Il decreto Rilancio ha inoltre introdotto una norma che prevede la possibilità per i datori di lavoro che hanno effettuato licenziamenti per giustificato motivo oggettivo nel periodo dal 23 febbraio al 17 marzo, di revocare il recesso facendo contestualmente richiesta di cassa integrazione a partire dalla data in cui ha efficacia il licenziamento. Il rapporto di lavoro si intende in questo caso ripristinato senza soluzione di continuità, senza oneri né sanzioni per il datore di lavoro.
Licenziamenti dal 17 marzo al 17 agosto devono ritenersi nulli
I licenziamenti per giustificato motivo oggettivo intervenuti durante il periodo che va dal 17 marzo al 17 agosto devono ritenersi nulli; il lavoratore in questo caso può ottenere la reintegra sul posto di lavoro sin dal giorno di licenziamento.
Per questo l’Inps ha sospeso in questo periodo l’indennità NASpI nei casi in cui questa derivava da licenziamenti per giustificato motivo oggettivo, adducendo che, visto che si trattava di licenziamenti nulli, l’indennità non era dovuta.

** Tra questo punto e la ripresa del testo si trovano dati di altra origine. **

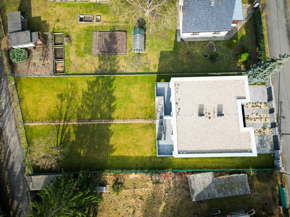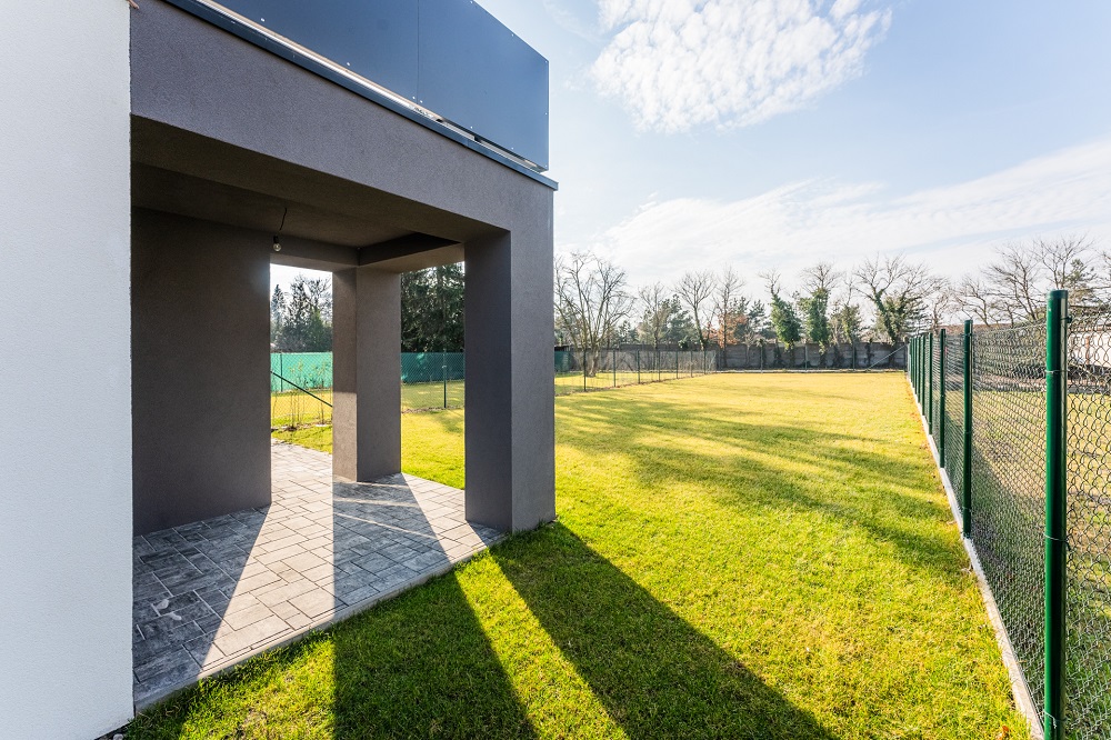 - Pozemek: Zarovnaný, kompletně zatravněný, automatický závlahový systém, výsadba živého plotu 150 cm až 180 cm výšky. Okrasné záhony.

La Naspi va restituita in caso di reintegra
Il Ministero del Lavoro nel chiarire che l’indennità di disoccupazione Naspi è una prestazione riconosciuta ai lavoratori che abbiano perduto involontariamente la propria occupazione, ha osservato che “non rileva dunque, a tal fine, il carattere nullo del licenziamento per giustificato motivo oggettivo – intimato da datore di lavoro nel periodo soggetto a divieto – atteso che l’accertamento sulla legittimità o meno del licenziamento spetta al giudice di merito, così come l’individuazione della corretta tutela dovuta al prestatore”.

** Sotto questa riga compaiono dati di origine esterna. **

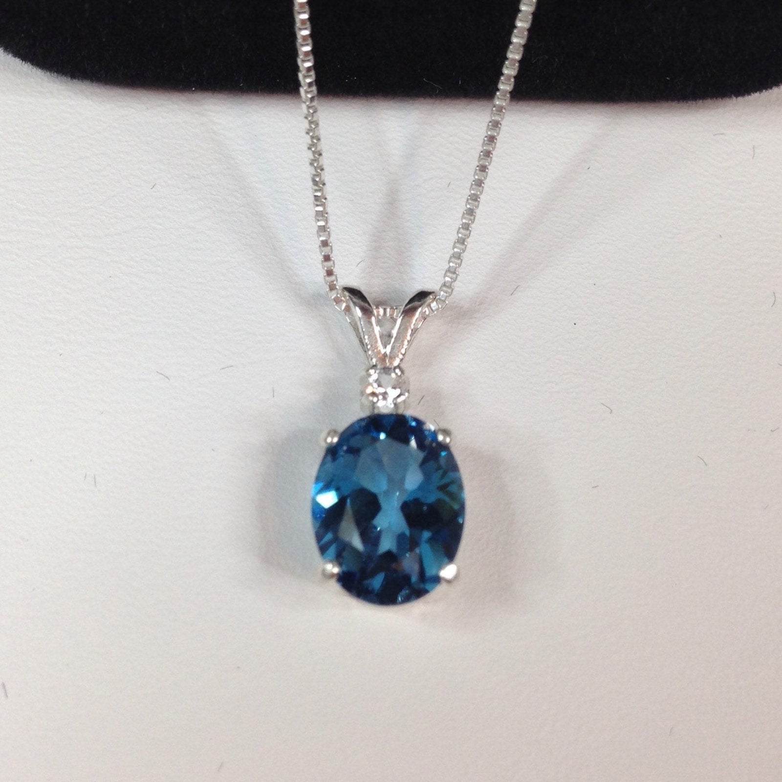 BEAUTIFUL London Blue Topaz & White Sapphire Sterling Silver Pendant Necklace 18" Trending Jewelry Gift December Fianc

E’ possibile quindi procedere al pagamento delle indennità di disoccupazione NASpI per le domande pervenute a seguito di licenziamento individuale, intervenute nonostante il blocco dei licenziamenti previsto dal Cura Italia e ampliato dal Decreto Rilancio.
“Tuttavia, si fa presente – prosegue l’Inps – che l’erogazione della indennità Naspi a favore dei lavoratori licenziati per giustificato motivo oggettivo – nonostante il divieto posto dall’articolo 46 del decreto Cura Italia – sarà effettuata da parte dell’Istituto con riserva di ripetizione di quanto erogato nella ipotesi in cui il lavoratore, a seguito di contenzioso giudiziale o stragiudiziale, dovesse essere reintegrato nel posto di lavoro”. In pratica se il lavoratore sarà reintegrato dovrà restituire quanto percepito a titolo di Naspi.
L’Inps dunque ammette la possibilità di chiedere la restituzione delle rate Naspi erogate al lavoratore nel caso di reintegra di quest’ultimo sul posto di lavoro a seguito del parere di un giudice.
In questo caso il lavoratore è tenuto a comunicare all’Inps, attraverso il modello Naspi-Com, l’esito del contenzioso ai fini della restituzione di quanto erogato e non dovuto per effetto del licenziamento illegittimo che ha dato luogo al pagamento dell’indennità di disoccupazione.
Lo stesso potrebbe succedere nel caso in cui il datore di lavoro revochi il licenziamento individuale, per poi richiedere la CIG per il lavoratore. Anche in questo caso il lavoratore dovrà restituire la NASpI, ma avrà diritto al pagamento della CIG.